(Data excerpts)
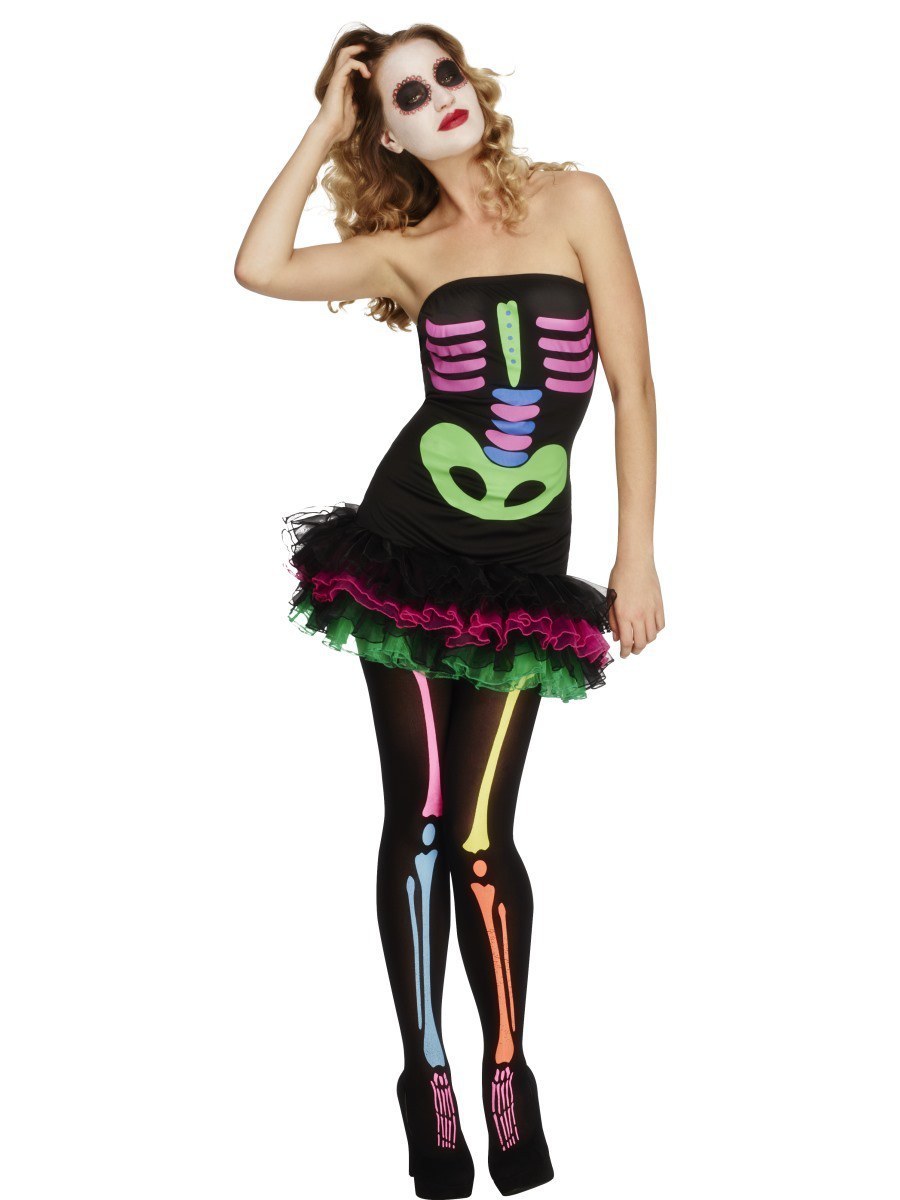 Be noticed in this bright and fun Neon Skeleton costume. The Skeleton costume features a black dress with bright neon skeleton print. The costume also includes a black layered tutu with neon colours. The top of the dress has detachable clear straps.
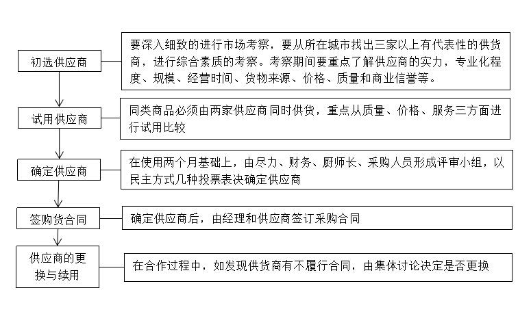 為對食堂的采購與供應(yīng)進行有效控制,滿客寶認(rèn)為有必要事先進行規(guī)劃,也就是對采購工作計劃的制訂、采購人員的配置、采購方式、供應(yīng)商、價格方面、數(shù)量方面、驗收方面都制定一個總的規(guī)則,使具體負(fù)責(zé)的人員有章可循。
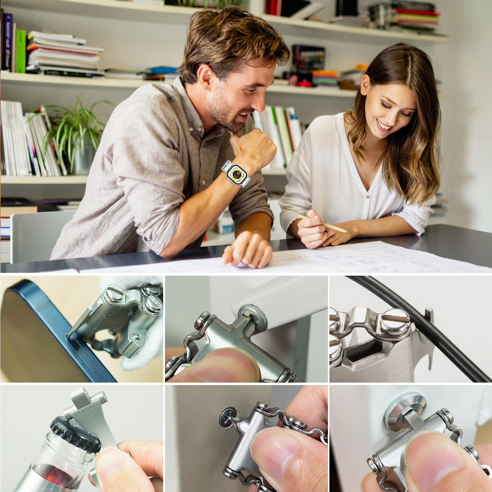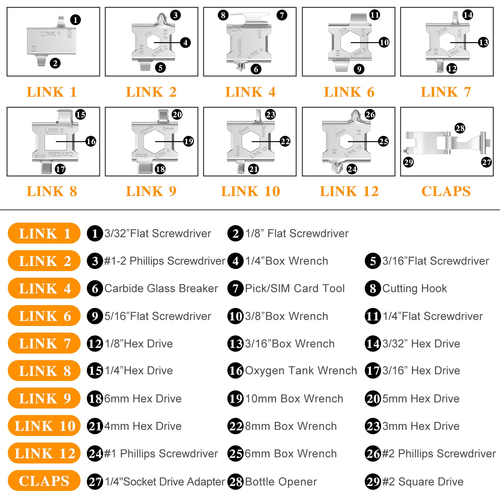 - 29 in 1 Multi-function Design: This is a versatile tool apple watch band that includes a variety of flat, Phillips, and hex screwdrivers, along with box wrenches and hex drives in multiple sizes. It also features special tools such as a carbide glass breaker, SIM card tool, cutting hook, oxygen tank wrench, socket drive adapter, and bottle opener. These tools are connected and secured using links and clasps for easy carrying and use, meeting a wide range of repair and assembly needs
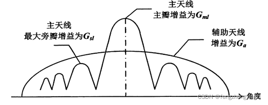 雷达发展的最开始阶段,人们发现,机载雷达回波信号中除了空中目标以外,还会有很多地面的强目标回波产生的杂波信号,这会影响到雷达检测目标的能力。因此,为了将从主瓣进入的空中目标回波与从旁瓣进入的强反射地面杂波(建筑物,汽车等等)区分出来,就加了一个辅助通道,并让辅助天线增益略大于天线方向图中所有旁瓣的增益,而远小于主瓣天线的增益。如下图所示:
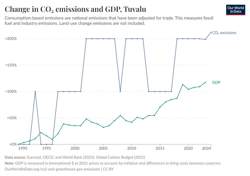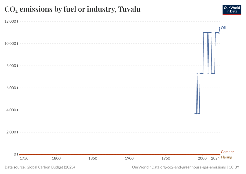 Hannah Ritchie (2025) - “CO₂ and Greenhouse Gas Emissions” Published online at OurWorldinData.org. Retrieved from: 'https://ourworldindata.org/profile/co2/tuvalu' [Online Resource]BibTeX citation
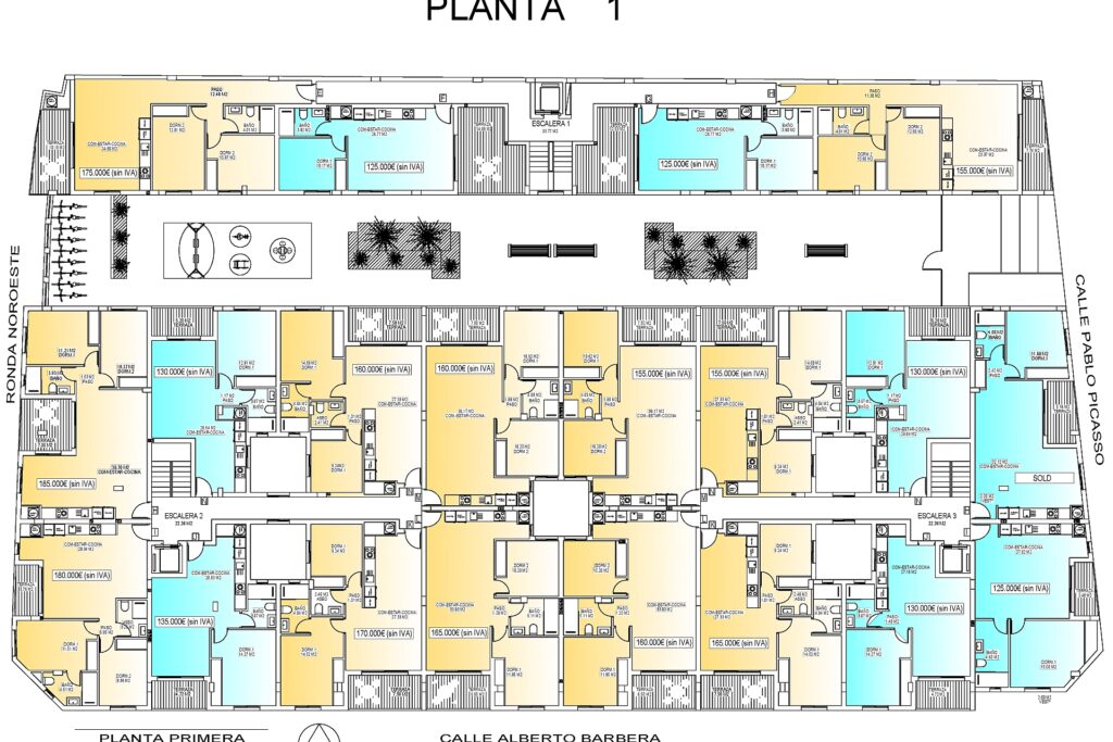 On the rooftop, residents can enjoy an exclusive 350 m² leisure area featuring a 70 m² swimming pool with a childrens splash pool, pergolas, parasols and sun loungers everything you need to unwind under the Spanish sun while taking in the panoramic views. This area is easily accessible via one of the three lifts and is equipped with the necessary sanitary facilities.
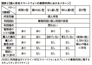 企業等における私物スマートフォンの業務利用状況に関して、日本スマートフォンセキュリティ協会(JSSEC)利用部会ガイドラインワーキンググループ(WG)では、「スマートフォン&タブレットの業務利用に関するセキュリティガイドライン」において、次の5つのパターン(図表2)に分類しています。

Aim of the exercise:
Please leave out the pictures as you reproduce the lines exactly, from the first line of the entries through the line containing "Hannah Ritchie (2025)".

Problem solution:
 Be noticed in this bright and fun Neon Skeleton costume. The Skeleton costume features a black dress with bright neon skeleton print. The costume also includes a black layered tutu with neon colours. The top of the dress has detachable clear straps.
 為對食堂的采購與供應(yīng)進行有效控制,滿客寶認(rèn)為有必要事先進行規(guī)劃,也就是對采購工作計劃的制訂、采購人員的配置、采購方式、供應(yīng)商、價格方面、數(shù)量方面、驗收方面都制定一個總的規(guī)則,使具體負(fù)責(zé)的人員有章可循。
 - 29 in 1 Multi-function Design: This is a versatile tool apple watch band that includes a variety of flat, Phillips, and hex screwdrivers, along with box wrenches and hex drives in multiple sizes. It also features special tools such as a carbide glass breaker, SIM card tool, cutting hook, oxygen tank wrench, socket drive adapter, and bottle opener. These tools are connected and secured using links and clasps for easy carrying and use, meeting a wide range of repair and assembly needs
 雷达发展的最开始阶段,人们发现,机载雷达回波信号中除了空中目标以外,还会有很多地面的强目标回波产生的杂波信号,这会影响到雷达检测目标的能力。因此,为了将从主瓣进入的空中目标回波与从旁瓣进入的强反射地面杂波(建筑物,汽车等等)区分出来,就加了一个辅助通道,并让辅助天线增益略大于天线方向图中所有旁瓣的增益,而远小于主瓣天线的增益。如下图所示:
 Hannah Ritchie (2025) - “CO₂ and Greenhouse Gas Emissions” Published online at OurWorldinData.org. Retrieved from: 'https://ourworldindata.org/profile/co2/tuvalu' [Online Resource]BibTeX citation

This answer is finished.